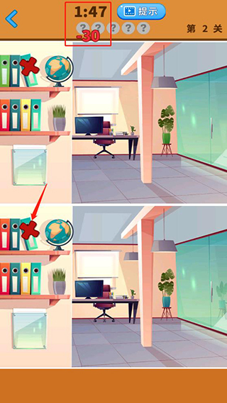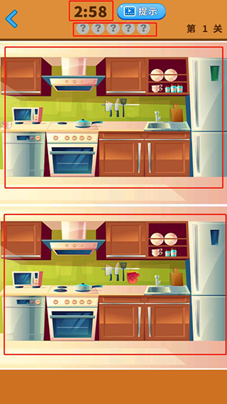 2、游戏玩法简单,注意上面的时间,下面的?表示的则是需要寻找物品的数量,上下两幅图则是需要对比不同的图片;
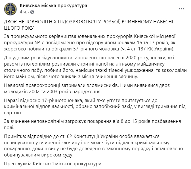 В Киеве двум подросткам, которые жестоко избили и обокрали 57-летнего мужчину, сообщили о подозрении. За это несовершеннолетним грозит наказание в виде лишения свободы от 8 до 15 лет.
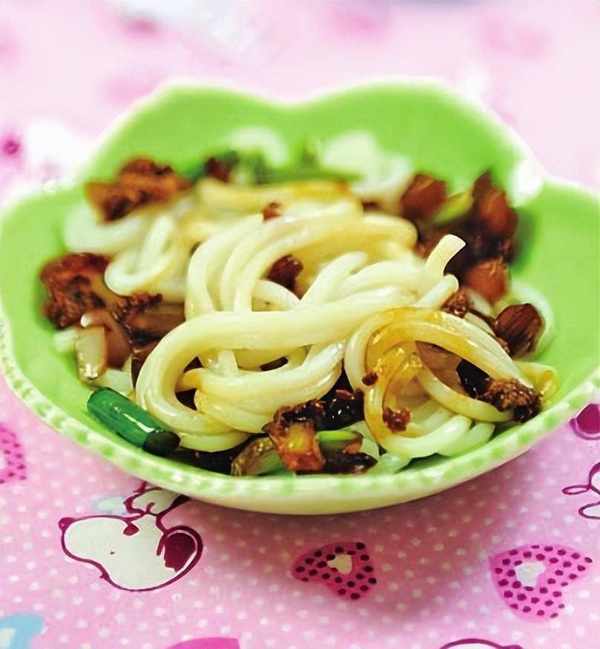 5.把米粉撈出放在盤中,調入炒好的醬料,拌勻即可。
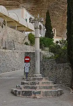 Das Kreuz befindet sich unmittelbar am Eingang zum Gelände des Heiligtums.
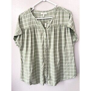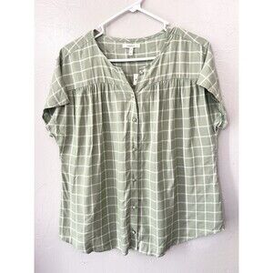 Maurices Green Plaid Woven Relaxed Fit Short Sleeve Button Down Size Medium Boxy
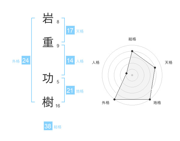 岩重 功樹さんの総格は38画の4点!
-- -- --
> **Instructions for the task**:
Restate every entry above word for word; no picture belongs in the copy.

> **Solution**:
 2、游戏玩法简单,注意上面的时间,下面的?表示的则是需要寻找物品的数量,上下两幅图则是需要对比不同的图片;
 В Киеве двум подросткам, которые жестоко избили и обокрали 57-летнего мужчину, сообщили о подозрении. За это несовершеннолетним грозит наказание в виде лишения свободы от 8 до 15 лет.
 5.把米粉撈出放在盤中,調入炒好的醬料,拌勻即可。
 Das Kreuz befindet sich unmittelbar am Eingang zum Gelände des Heiligtums.
 Maurices Green Plaid Woven Relaxed Fit Short Sleeve Button Down Size Medium Boxy
 岩重 功樹さんの総格は38画の4点!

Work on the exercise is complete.